My first sabbatical was spent at the Smith Kettlewell Institute of Visual Sciences in San Francisco where the legendary strabismologist Dr. Arthur Jampol-sky taught me about strabismus and its treatment by surgery. While observing Dr. Jampolsky operate, it occurred to me that the surgically treated patient was an ideal "preparation" for studying the outflow theory of eye position. Without afferent feedback, the surgical rotation of the eye by the surgeon should not be known to the patient's central nervous system until after a period of post-operative visual feedback and adaptation.

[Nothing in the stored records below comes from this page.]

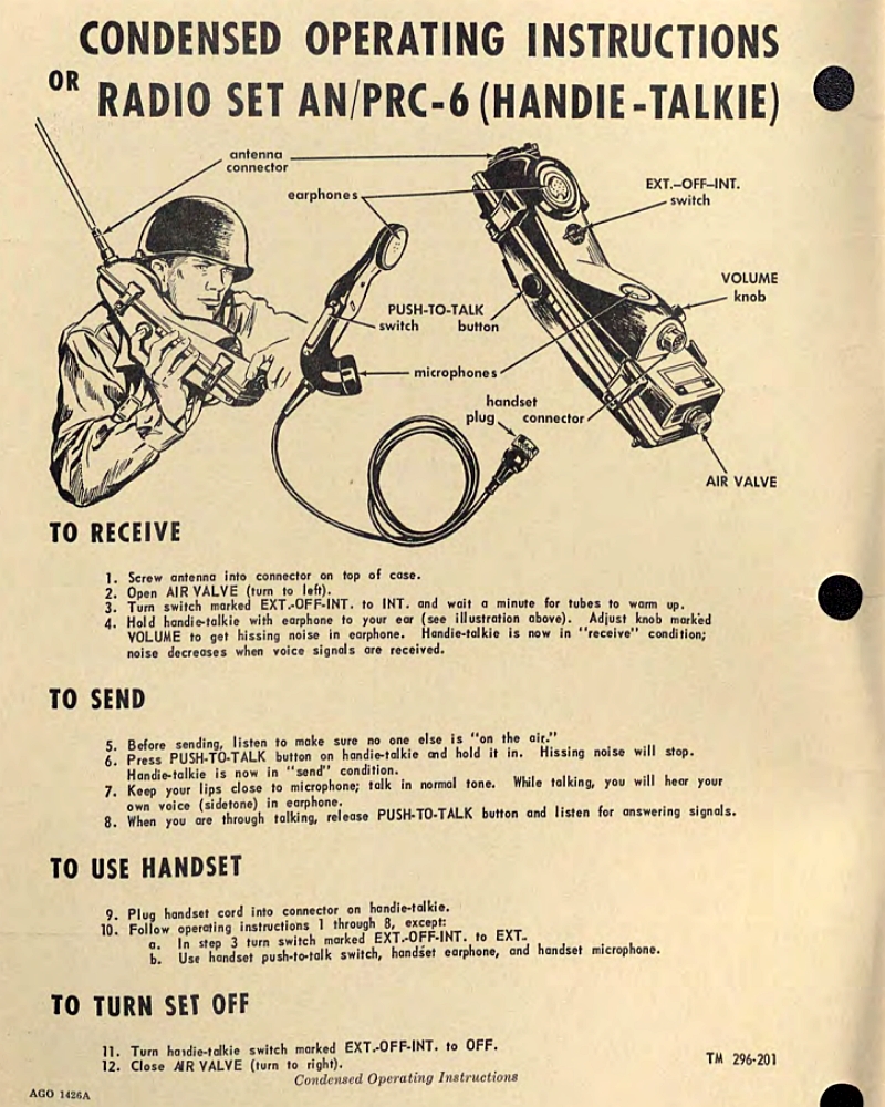 (표제부 사진 포함 출처 : http://www.radiomanual.info/schemi/Surplus_NATO/AN-PRC-6_serv_user_TM11-296_1955.pdf)
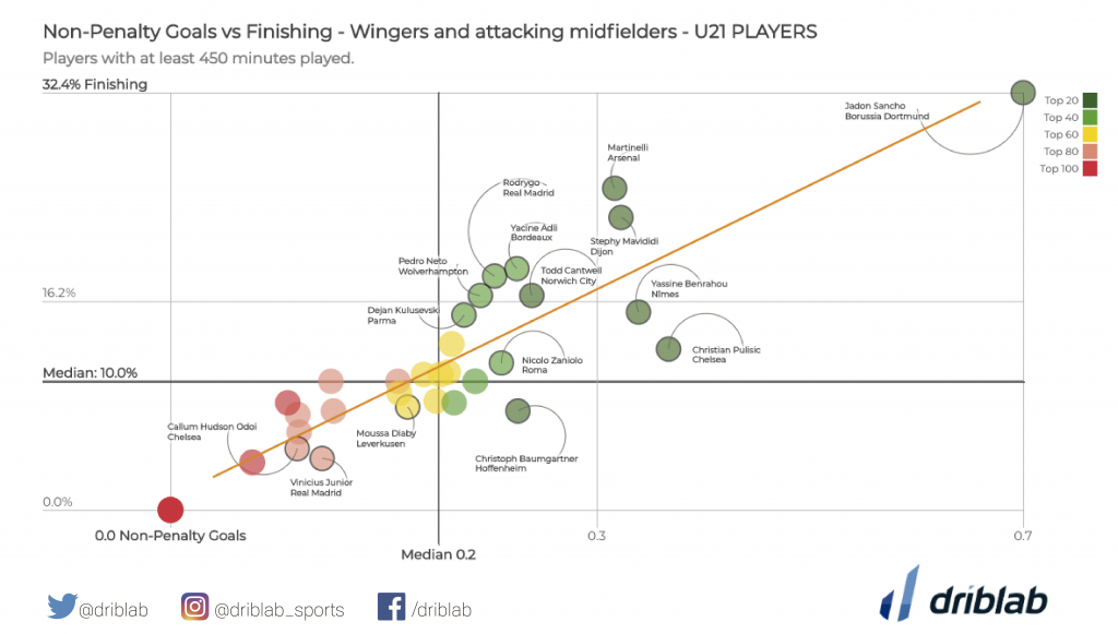 If it's already atypical to see one winger as one of the most efficient profiles in front of goal if that profile is a 19-year-old this is really difficult to see and it is worth stopping to analyze him. In fact, his figures continue to progress and make it clear that we're looking at a decisive player. So, to put this profile into perspective, the comparison is even more striking when you look at these figures against the other wingers and attacking midfielders in big five leagues with a maximum age of 21. The figures make it clear: Jadon Sancho is currently the best finisher of his position among the players of his generation. The difference between Jadon and the majority of his age and position profiles shows a totally different reality: Sancho scores almost a third of his shots and generates 0.7 non-penalty goals per 90 minutes.
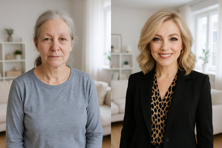 Transformation of mature woman into elegant professional with chic blonde hairstyle in a modern living room. concept of stylish makeover, confidence boost, fashion enhancement.
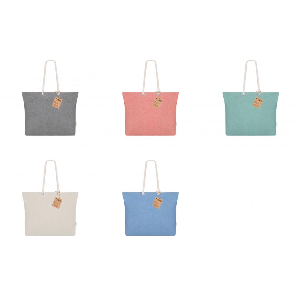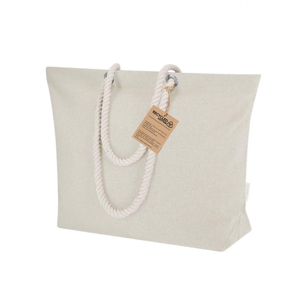 Сумка изготовлена в основном из переработанного хлопка плотностью 220 г/м2. С боковиной и длинными хлопковыми ручками натурального цвета с плетеным дизайном. Включает в себя этикетку из переработанного хлопка.
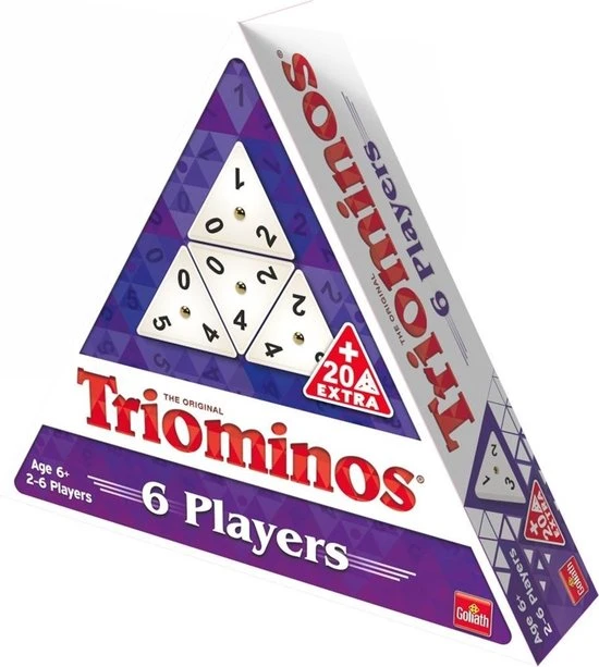Een handige uitbreiding op het originele Triominos spel! Nu kun je tot wel 6 spelers spelen. Een tactisch spel met driehoekige, genummerde stenen. Zoek je kansen, leg ze snel aan en scoor zo veel mogelijk punten. Bij dit spel gaat het niet alleen om inzicht maar ook om tactisch spelen; Sommige aangelegde figuren leveren je namelijk ook veel punten op!
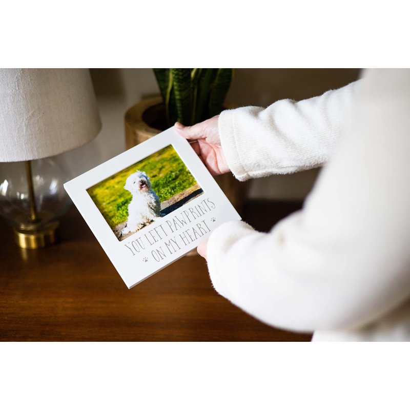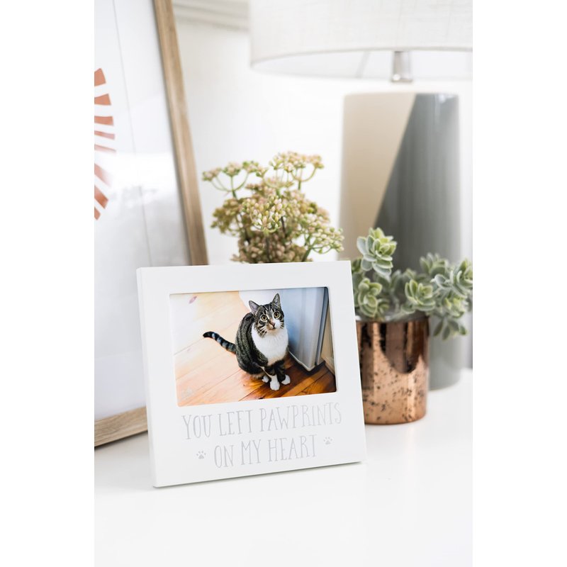 Pearhead You Left Pawprints on my Heart Pet Keepsake Picture Frame, Dog or Cat Photo Frame for Pet Owners, Pet Memorial Frame, 4x6 Photo Insert, Sympathy Gift, White

The surprising result was that some patients we tested after surgery clearly had information that the eye had been rotated to a new position in the orbit. We assessed this by an open-loop pointing task (Steinbach and Smith, 1981). But another group of patients didn't seem to have this information, and, by examining their histories, the difference became apparent: newly operated patients had eye muscle afference while patients who were having the same muscles operated on for a second or third time did not have this information. We speculated about tendon organs at the site of much of the surgeries being the source of the information, but it wasn't until Frances Richmond was drawn into collaboration that we were able to identify the presence of palisade endings, presumed proprioceptors, at the musculotendinous junction (Richmond et al., 1984).

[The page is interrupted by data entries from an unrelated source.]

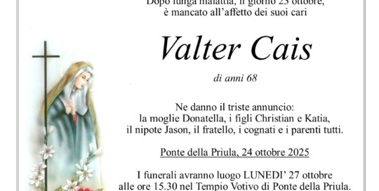 Diego Terzariol2025-10-24T11:11:46+02:00I funerali avranno luogo LUNEDI' 27 ottobre alle ore 15.30 nella Chiesa Parrocchiale di Ponte della Priula. Dopo il rito funebre si proseguirà per la cremazione. Il S. Rosario sarà recitato DOMENICA 26 ottobre alle ore 19.30 nella Chiesa Parrocchiale di Ponte della Priula. ORDINA FIORI Ordina i tuoi fiori [...]
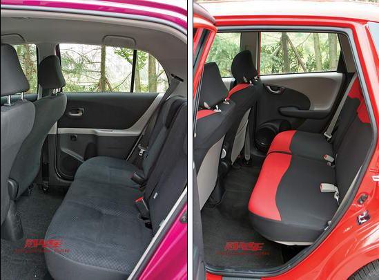 相比新飛度,雅力士在這方面稍欠火候,不僅內飾做工稍遜,分別位于中控臺頂部、底部的儀表盤和空調旋鈕還考驗著駕駛者的注意力。其實前輩威姿上的數字式儀表不錯,可讀性好,用些許余光便可對當前車速一目了然。還好,后座的舒適性為它挽回了一點面子。雖和新飛度一樣為4/6分折疊,不過雅力士的左右側座椅可單獨調節(jié)前后位置和靠背角度,并且厚實的座墊慰勞著臀部,但是問題也十分突出——較短的座墊和新飛度一樣無法滿足15分鐘以上的坐乘舒適性。
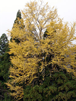 A little over a month ago, in the early days of December, I encountered a wave of color in the mountains of central Honshu that I miss in Hokkaido: the delightful, dreamy gold of ginkgo (icho) leaves. By now, that particularly beautiful wave must be reaching its southern limits, perhaps even petering out toward the southwestern region of Honshu.
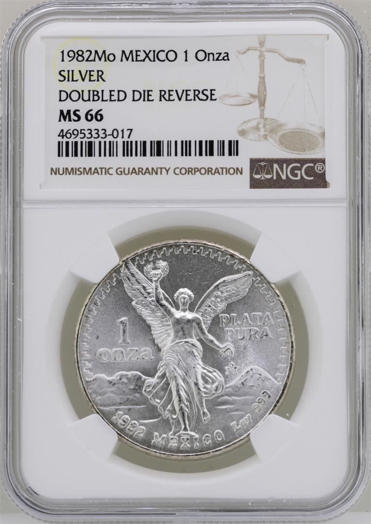 One 1982Mo Mexico Libertad Onza Doubled Die Reverse Silver Coin NGC MS66. NGC Certified.
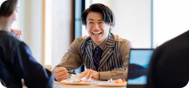 会議のリフレッシュとメンバーのコミュニケーションを目的に、どの会議にもおやつタイムを設けています。持ち回りで各々が推し菓子を用意するチームもあります。 -

Further studies gave us even more reason to believe that the palisade ending is playing a role in supplying eye position information. We compared two forms of muscle-weakening procedures done to correct strabismus, the marginal myotomy and the recession (see, e.g., von Noorden, 1996, pp. 93-101). The myotomy procedure must disturb the receptors because there is crushing and cutting at the musculotendinous junction. The recession procedure involves cutting just at the insertion into the sclera, and this is some distance away from these receptors. The myotomy was more deafferenting, again measured by open-loop pointing done before and after the surgery, than was the simple recession (Steinbach, Kirshner and Arstikaitis, 1987).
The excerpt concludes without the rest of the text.